Butler M G, Eisen J D, Henry J
J Pediatr Ophthalmol Strabismus. 1978 Jul-Aug;15(4):233-5. doi: 10.3928/0191-3913-19780701-11.
The cryptophthalmos syndrome generally consists of cryptophthalmia, dyscephaly (cleft lip and palate, nasal and ear defects, meningoencephaloceles, etc.), syndactyly, and urogenital malformations. This disorder is rare. Approximately 55 cases have been reported, with only a few described in the American literature. A three-year-old boy with this rare syndrome is described. Major clinical findings include: asymmetric bilateral cryptophthalmos, unilateral orbital cyst of the nasofrontal area, bilateral anophthalmos, right choanal atresia, right microtia, right auditory canal atresia, hypodontia, ankyloglossia, cartilaginous synchondroses of the cervical vertebrae, and bilateral acetabular dysplasia. Striking features of this case, in addition to the above, were profound mental and motor retardation. Syndactyly and renal anomalies were not observed.
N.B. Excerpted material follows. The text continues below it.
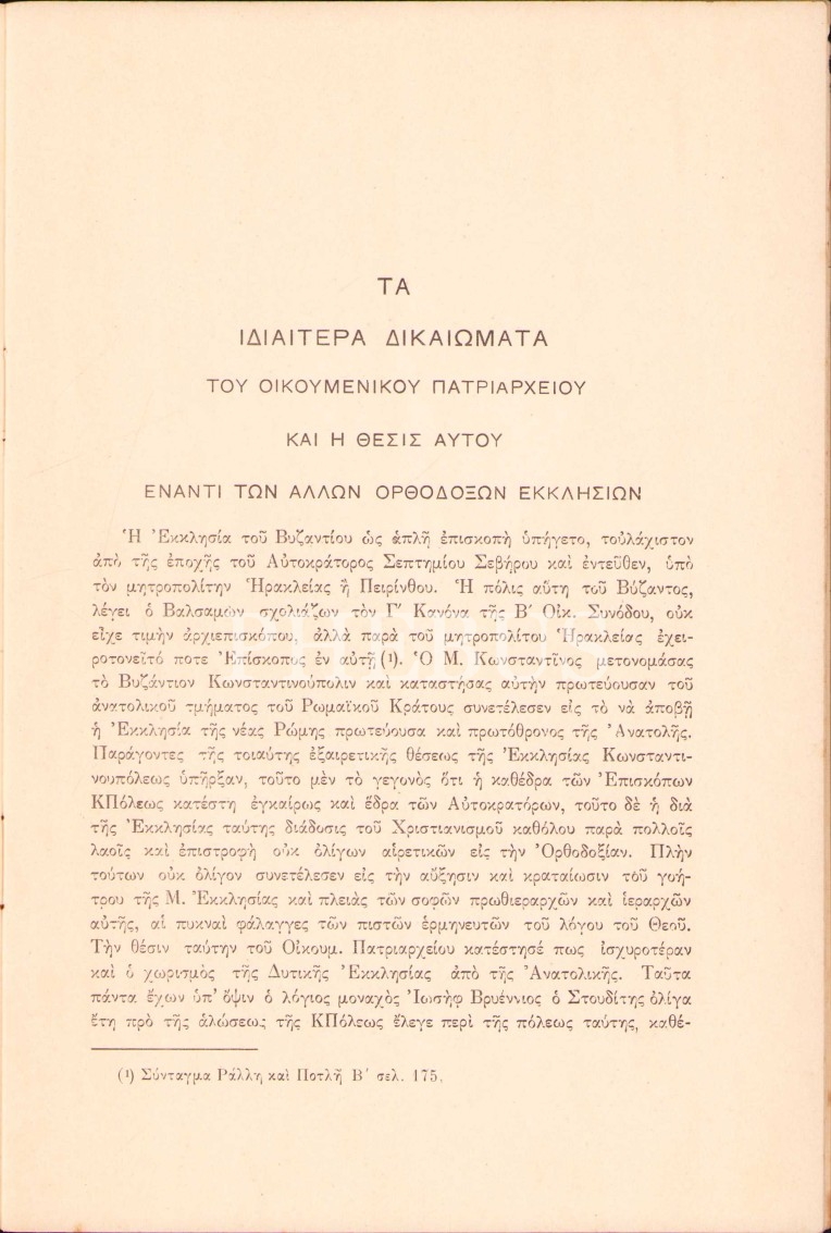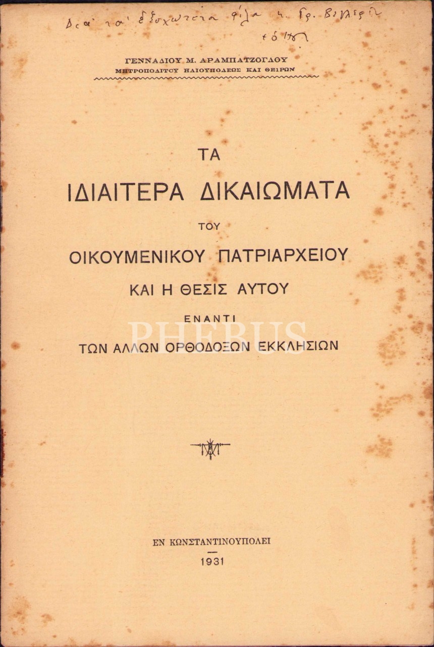 Τα Ιδιαιτερα Δικαιωματα του Οικουμενικου Πατριαρχειου και η Θεσις Αυτου Εναντι των Αλλων Ορθοδοξων Εκκλησιων(Ekümenik Patrikhanenin Özel Hakları ve Diğer Kiliseler Arasındaki Yeri), Gennadios Arabacıoğlu, İstanbul 1931, 20 sayfa, 16x23 cm

隐眼综合征通常包括隐眼、头面部发育异常(唇腭裂、鼻和耳缺陷、脑脊膜膨出等)、并指(趾)畸形以及泌尿生殖系统畸形。这种病症很罕见。大约已报道55例,美国文献中仅有少数病例描述。本文描述了一名患有这种罕见综合征的三岁男孩。主要临床发现包括:不对称性双侧隐眼、鼻额区域单侧眼眶囊肿、双侧无眼、右侧后鼻孔闭锁、右侧小耳畸形、右侧耳道闭锁、牙发育不全、舌系带过短、颈椎软骨联合以及双侧髋臼发育不良。除上述情况外,该病例的显著特征是严重的智力和运动发育迟缓。未观察到并指(趾)畸形和肾脏异常。